Classes impacted by withdrawals

Enrollment dropped about 4% this year because students withdrew from at least one class, and data suggested it’s because of COVID-19.

This change is between March 12 through April 12 compared to last year when the drop in enrollment was at about 2%.

Dean of Institutional Effectiveness Amari Williams provided charts to compare dropped classes and how many students withdrew with an “Excused Withdrawal” (EW) since the transition announcement.

“What we’re seeing is that for many of the populations that are more vulnerable, they’re being impacted greater with the [COVID-19] crisis,” Williams said.

Williams said the 2% was used as a baseline for the comparison and is normal. He said these are students who choose to take a “W” in their courses.

Williams said the 4% comes from the average in the college that varies from each discipline.

For instance, he said enrollment in technical theater decreased by 44%. However, the discipline is smaller compared to English. Because it’s smaller, that means there is less enrollment and fewer classes offered.

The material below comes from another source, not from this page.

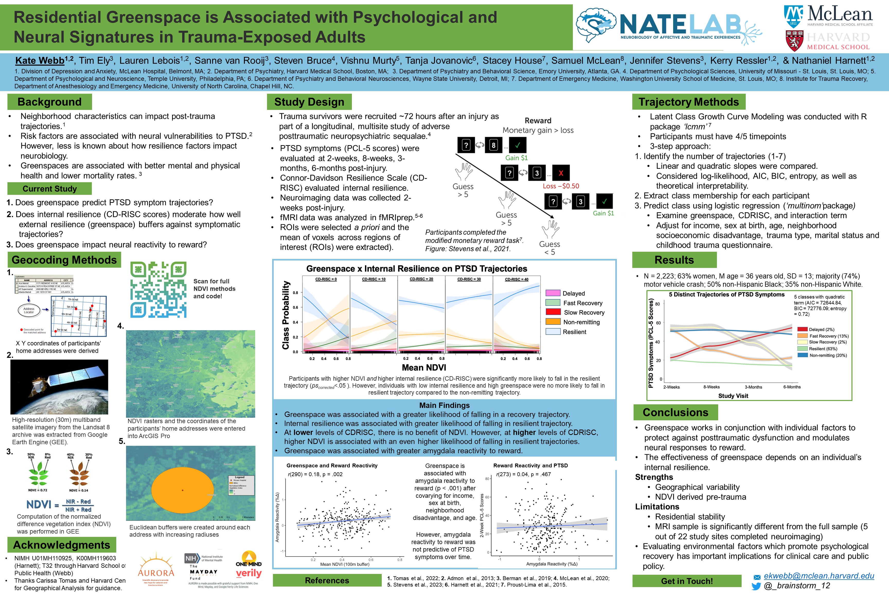 As part of my postdoctoral training, I expanded my skillset to include geospatial analyses to quantify additional neighborhood factors such as greenspace. Our initial results indicate that greater residential greenspace (derived through satellite-imagery) is associated with differential reactivity to reward, but not threat, within the amygdala. Further, we identified a novel interaction between an individual’s internal resilience (i.e., how well they believe they can cope with a problem) and greenspace. Individuals with greater exposure to greenspace and internal resilience show faster recovery following trauma (i.e., rapid decrease in PTSD symptoms across time). Thus, these data further suggest that greenspace modulates neural function following trauma exposure and enhances individual resilience to improve trauma outcomes.

To prepare to go to the summer and fall semesters, Williams and his team are looking at specific populations and the daily enrollment drops. They’re also trying to see if there is a trend in the drop in enrollment.

This year, of those who withdrew between March and April, an average of 43% were female, and 57% were male, according to the graphs. For ethnicity, 61% were underrepresented, and 39% were represented.

Of those same students, Williams said eligible Pell Grant students who withdrew were consistent to about 35% to 40%. Depending on the day, the number would sometimes reach up to 60%.

“This is not saying that 35% of our Pell-eligible students are dropping out,” Williams said. “That’s not what this means. It means ‘of’ all the drops.”

A different graph focused on non-eligible and eligible AB 540 students. Williams said there was a positive disproportion happening with the AB 540 students, whom the vast majority did not withdraw within the first two weeks of the announcement.

Of those who did drop, about 3% of them were AB 540 students, compared to non-AB 540 students.

Williams said that after spring break ended, the drops increased between March 27 through March 29.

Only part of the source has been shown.